What you are asked to do
Starting at the line that contains "Nachfolgeausgabe für ED20899", output each line exactly as written through the end of the listing below, but leave out the pictures.

Data for review
==========

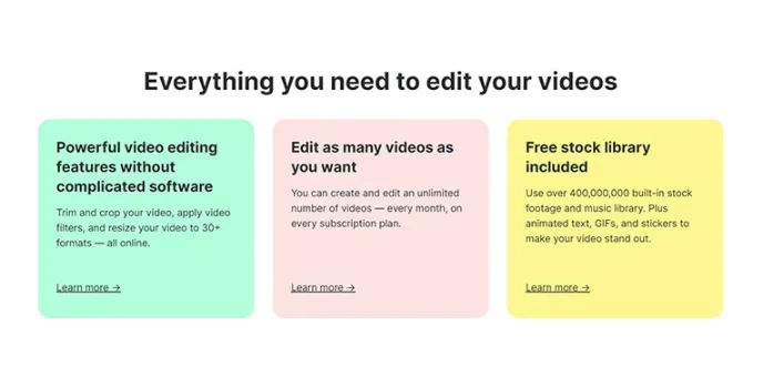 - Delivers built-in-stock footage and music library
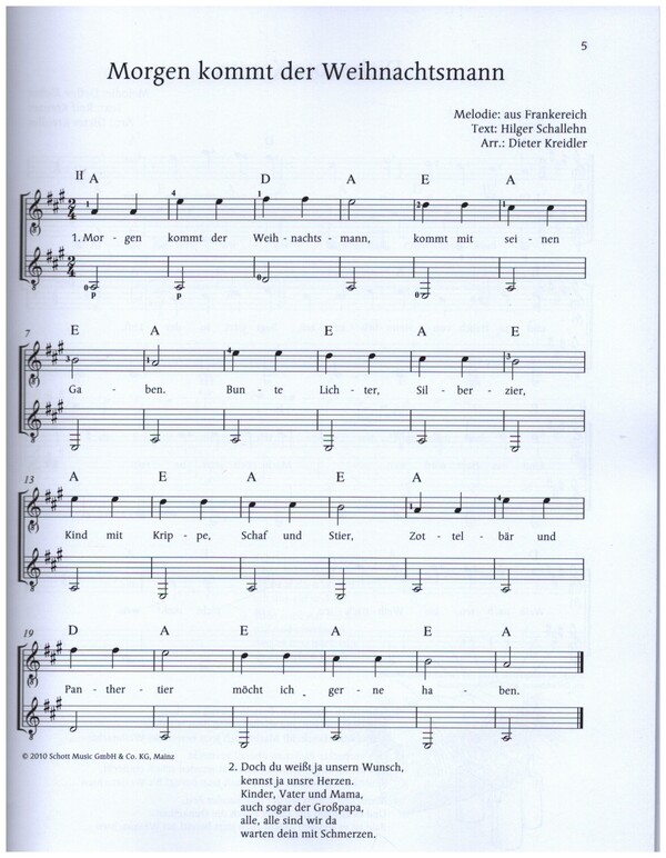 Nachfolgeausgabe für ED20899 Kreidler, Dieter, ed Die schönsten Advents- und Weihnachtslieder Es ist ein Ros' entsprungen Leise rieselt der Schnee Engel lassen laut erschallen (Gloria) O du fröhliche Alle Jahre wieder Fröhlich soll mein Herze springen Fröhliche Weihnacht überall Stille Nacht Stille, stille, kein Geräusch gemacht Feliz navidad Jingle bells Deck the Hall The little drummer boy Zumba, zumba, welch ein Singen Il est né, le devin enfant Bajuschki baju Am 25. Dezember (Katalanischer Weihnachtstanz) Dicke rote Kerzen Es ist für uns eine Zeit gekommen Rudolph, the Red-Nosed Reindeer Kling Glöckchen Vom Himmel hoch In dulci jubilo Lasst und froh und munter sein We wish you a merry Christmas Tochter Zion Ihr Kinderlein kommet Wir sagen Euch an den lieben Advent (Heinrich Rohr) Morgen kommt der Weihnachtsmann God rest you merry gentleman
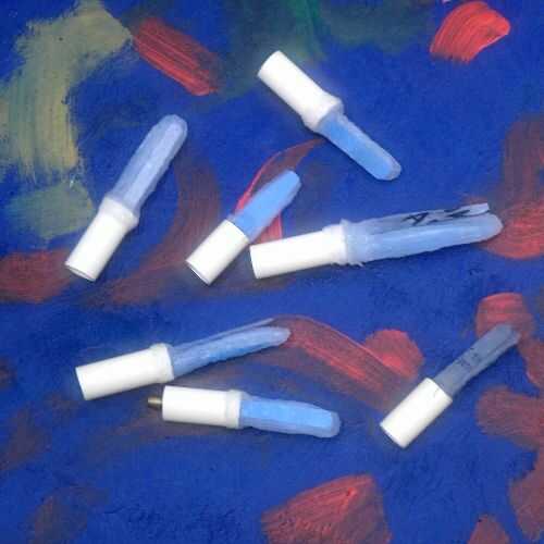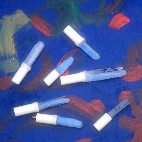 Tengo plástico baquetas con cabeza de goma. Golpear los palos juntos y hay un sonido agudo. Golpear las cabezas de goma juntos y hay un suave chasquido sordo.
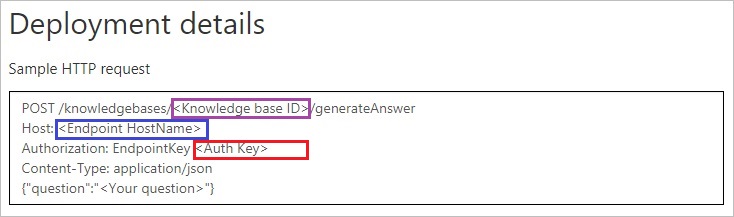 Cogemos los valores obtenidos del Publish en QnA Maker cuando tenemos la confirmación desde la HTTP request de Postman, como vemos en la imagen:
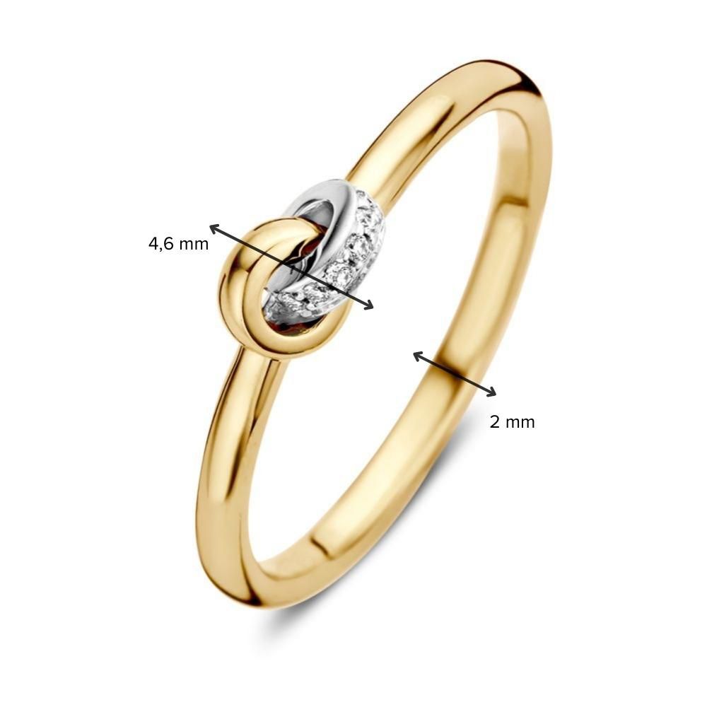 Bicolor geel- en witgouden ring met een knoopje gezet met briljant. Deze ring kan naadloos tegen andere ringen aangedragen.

==========

Your response
 Nachfolgeausgabe für ED20899 Kreidler, Dieter, ed Die schönsten Advents- und Weihnachtslieder Es ist ein Ros' entsprungen Leise rieselt der Schnee Engel lassen laut erschallen (Gloria) O du fröhliche Alle Jahre wieder Fröhlich soll mein Herze springen Fröhliche Weihnacht überall Stille Nacht Stille, stille, kein Geräusch gemacht Feliz navidad Jingle bells Deck the Hall The little drummer boy Zumba, zumba, welch ein Singen Il est né, le devin enfant Bajuschki baju Am 25. Dezember (Katalanischer Weihnachtstanz) Dicke rote Kerzen Es ist für uns eine Zeit gekommen Rudolph, the Red-Nosed Reindeer Kling Glöckchen Vom Himmel hoch In dulci jubilo Lasst und froh und munter sein We wish you a merry Christmas Tochter Zion Ihr Kinderlein kommet Wir sagen Euch an den lieben Advent (Heinrich Rohr) Morgen kommt der Weihnachtsmann God rest you merry gentleman
 Tengo plástico baquetas con cabeza de goma. Golpear los palos juntos y hay un sonido agudo. Golpear las cabezas de goma juntos y hay un suave chasquido sordo.
 Cogemos los valores obtenidos del Publish en QnA Maker cuando tenemos la confirmación desde la HTTP request de Postman, como vemos en la imagen:
 Bicolor geel- en witgouden ring met een knoopje gezet met briljant. Deze ring kan naadloos tegen andere ringen aangedragen.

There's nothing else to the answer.